PSV had last been playing in the 2nd Rugby-Bundesliga North/East in 2002-03 and RK took its place there, winning the league in its first attempt. After a 28-23 victory over South/West champion BSC Offenbach, the team earned promotion to the Bundesliga.
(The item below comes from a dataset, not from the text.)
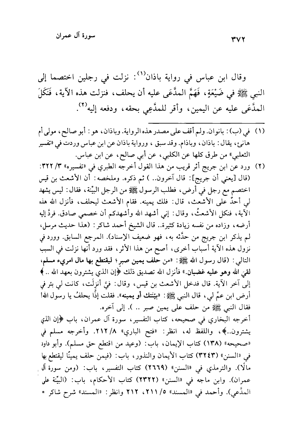 (¬2) ورد عن ابن جربج أثر قريب من هذا القول أخرجه الطبري في "تفسيره" 3/ 322: (قال [يعني أن جريج]: قال آخرون ..) ثم ذكره. وملخصه: أن الأشعث بن قيس اختصم مع رجل في أرض، فطلب الرسول - صلى الله عليه وسلم - من الرجل البيِّنة، فقال: ليس يشهد لي أحدٌ على الأشعث، قال: فلك يمينه فقام الأشعث ليحلف، فأنزل الله هذه الآية، فنكل الأشعثُ، وقال: إني أشهد الله وأشهدكم أن خصمي صادق. فردَّ إليه أرضه، وزاده من نفسه زيادة كثيرة .. قال الشيخ أحمد شاكر: (هذا حديث مرسل، لم يذكر ابن جريج من حدَّثه به، فهو ضعيف الإسناد). المرجع السابق. وورد في نزول هذه الآية أسباب أخرى، أصح من هذا الأثر، فقد ورد أنها نزلت في السبب التالي: (قال رسول الله - صلى الله عليه وسلم -: "من حلف يمين صبر؛ ليقتطع بها مال امريء مسلم، لقيَ الله وهو عليه غضبان". فأنزل الله تصديق ذلك {إِنَّ الَّذِينَ يَشْتَرُونَ بِعَهْدِ اللَّهِ ...} إلى آخر الآية. قال فدخل الأشعث بن قيس، وقال: فيَّ أنزِلَت، كانت لي بئر في أرض ابن عمِّ لي، قال النبي - صلى الله عليه وسلم -: "بيِّنَتك أو يمينه". فقلت إذًا يحلفُ يا رسول الله! فقال النبي - صلى الله عليه وسلم - من حلف على يمين صبر ..). إلى آخره.
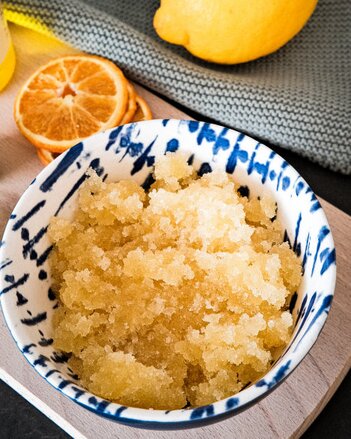 Anwendung: Die Haut mit der Mischung gut einreiben. Anschließend mit warmen Wasser abspülen.

A seventh place in the first division in 2004-05 proved not enough and RK was relegated immediately, having won only one out of its fourteen games and losing the relegation match to DSV 78/08 Ricklingen 12-14. The season after, in the 2nd Bundesliga, the club won the league once more but lost the championship final to SC 1880 Frankfurt. In the following promotion match with now Bundesliga side DSV 78/08 another loss meant another year in the second tier.

In 2006-07, RK only came second in the 2nd Bundesliga but the season after, 2007-08, it won its division once more and a 22-6 win over ASV Köln Rugby earned it a second Bundesliga promotion.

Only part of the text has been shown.